▼▼▼
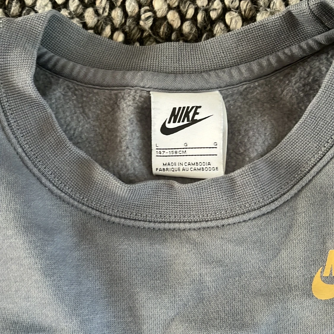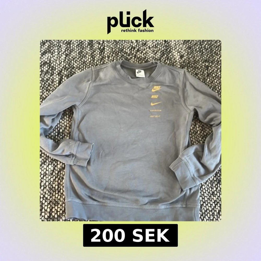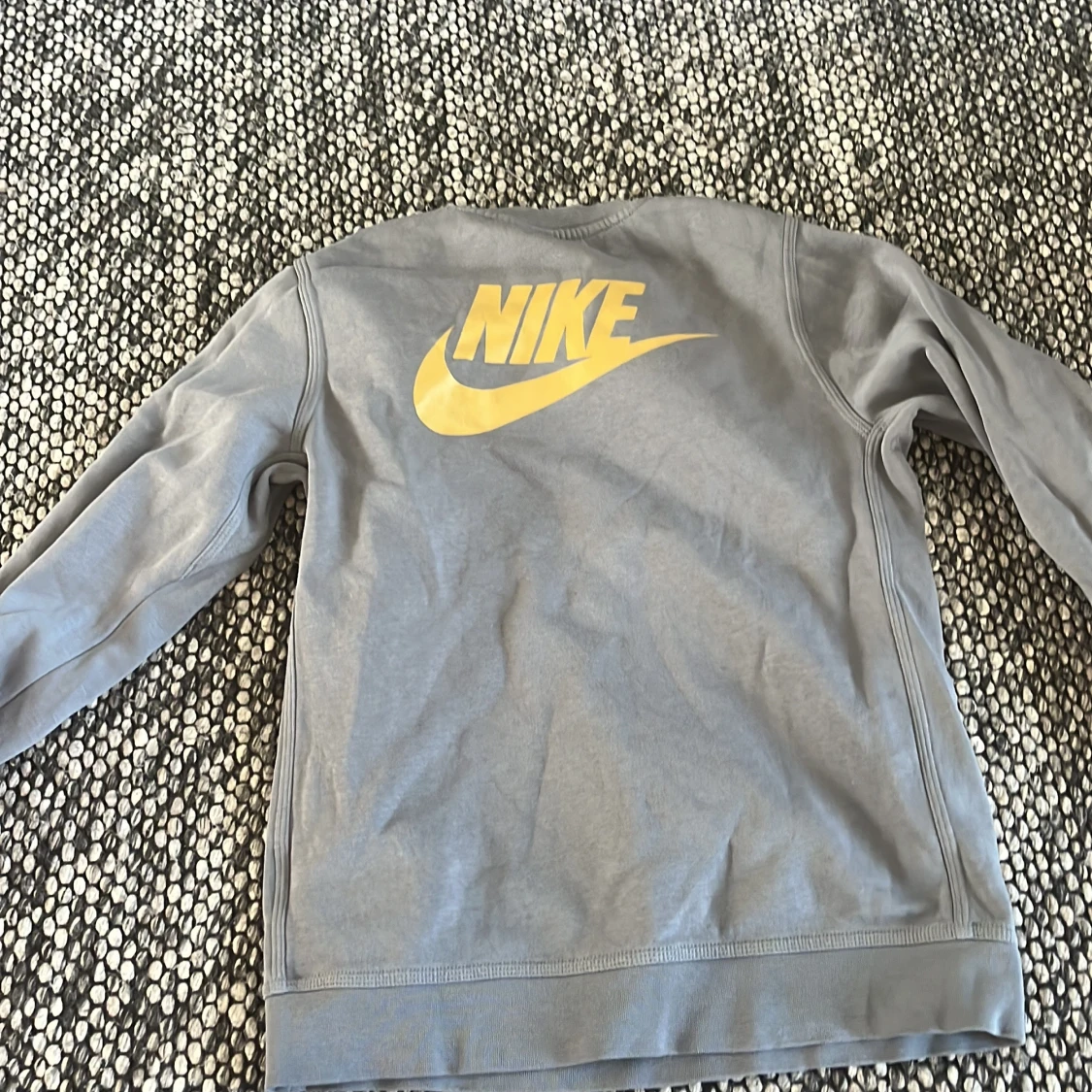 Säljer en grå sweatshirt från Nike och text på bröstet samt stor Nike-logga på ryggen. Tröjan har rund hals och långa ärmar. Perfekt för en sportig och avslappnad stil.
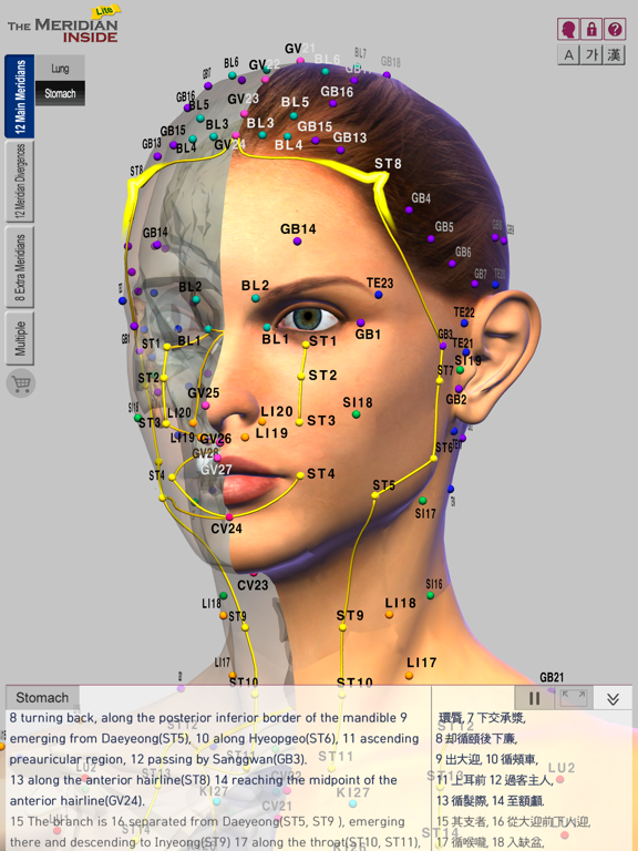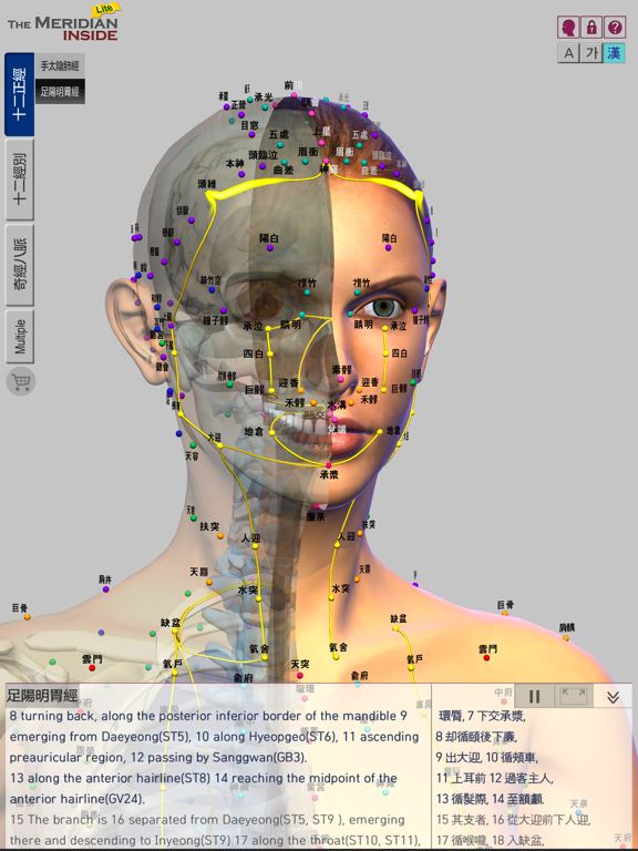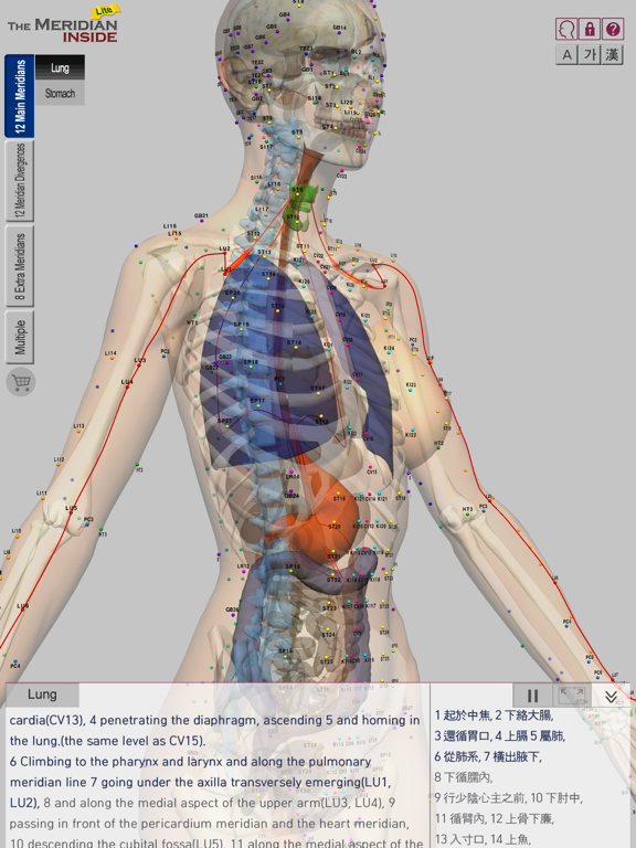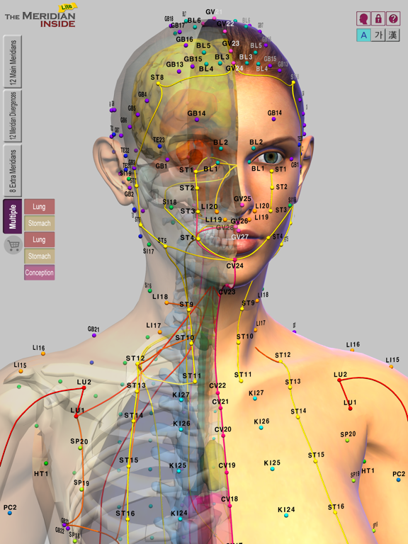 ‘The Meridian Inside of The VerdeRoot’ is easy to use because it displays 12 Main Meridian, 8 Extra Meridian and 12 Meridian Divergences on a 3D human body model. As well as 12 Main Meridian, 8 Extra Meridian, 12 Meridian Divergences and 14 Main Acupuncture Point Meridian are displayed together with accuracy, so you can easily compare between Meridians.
▲▲▲
▼▼▼
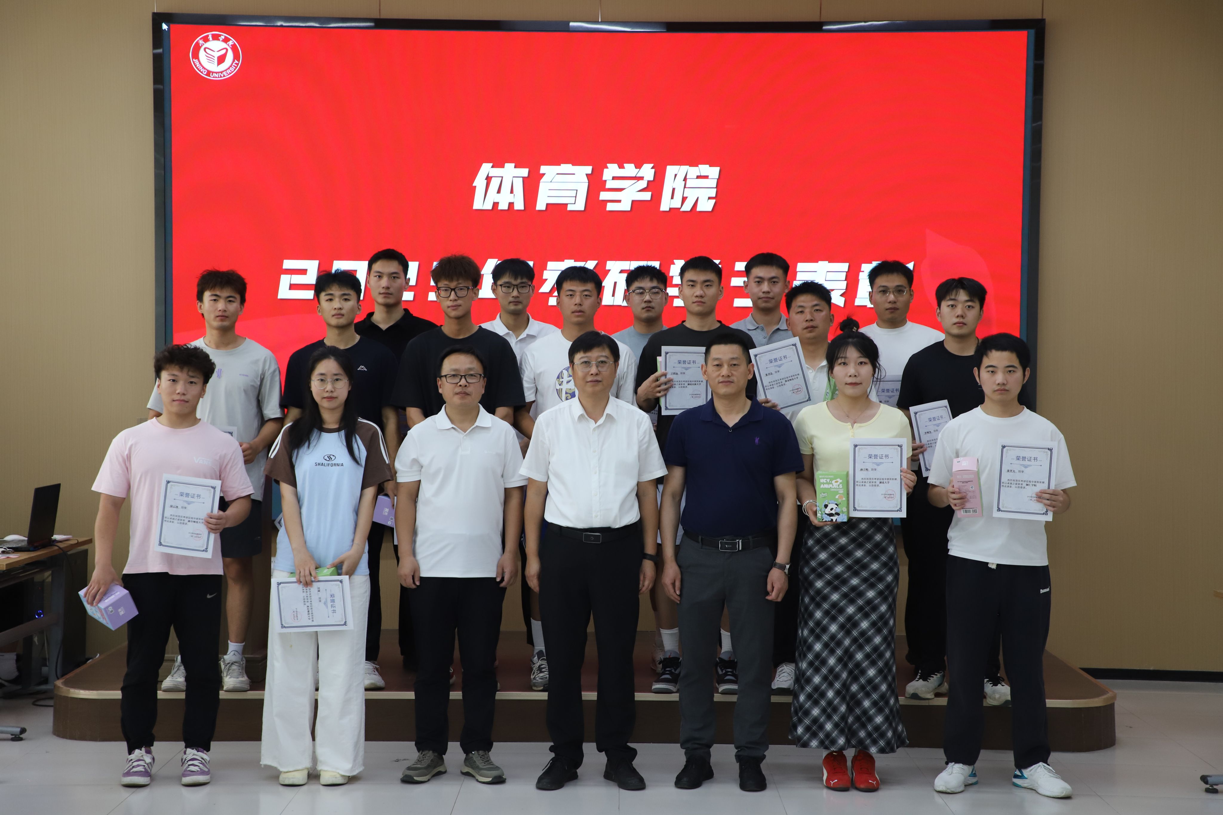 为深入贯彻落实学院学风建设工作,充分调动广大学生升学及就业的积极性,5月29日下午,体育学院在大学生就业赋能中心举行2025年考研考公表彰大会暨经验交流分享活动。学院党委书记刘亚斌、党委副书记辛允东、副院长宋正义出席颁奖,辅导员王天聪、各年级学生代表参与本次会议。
▲▲▲
EXERCISE: In the records above, find the line with "Säljer en grå" and the line with "compare between Meridians.". Write out exactly those lines and every one between, with no pictures and no other lines.

OUTPUT OF THE TASK:
 Säljer en grå sweatshirt från Nike och text på bröstet samt stor Nike-logga på ryggen. Tröjan har rund hals och långa ärmar. Perfekt för en sportig och avslappnad stil.
 ‘The Meridian Inside of The VerdeRoot’ is easy to use because it displays 12 Main Meridian, 8 Extra Meridian and 12 Meridian Divergences on a 3D human body model. As well as 12 Main Meridian, 8 Extra Meridian, 12 Meridian Divergences and 14 Main Acupuncture Point Meridian are displayed together with accuracy, so you can easily compare between Meridians.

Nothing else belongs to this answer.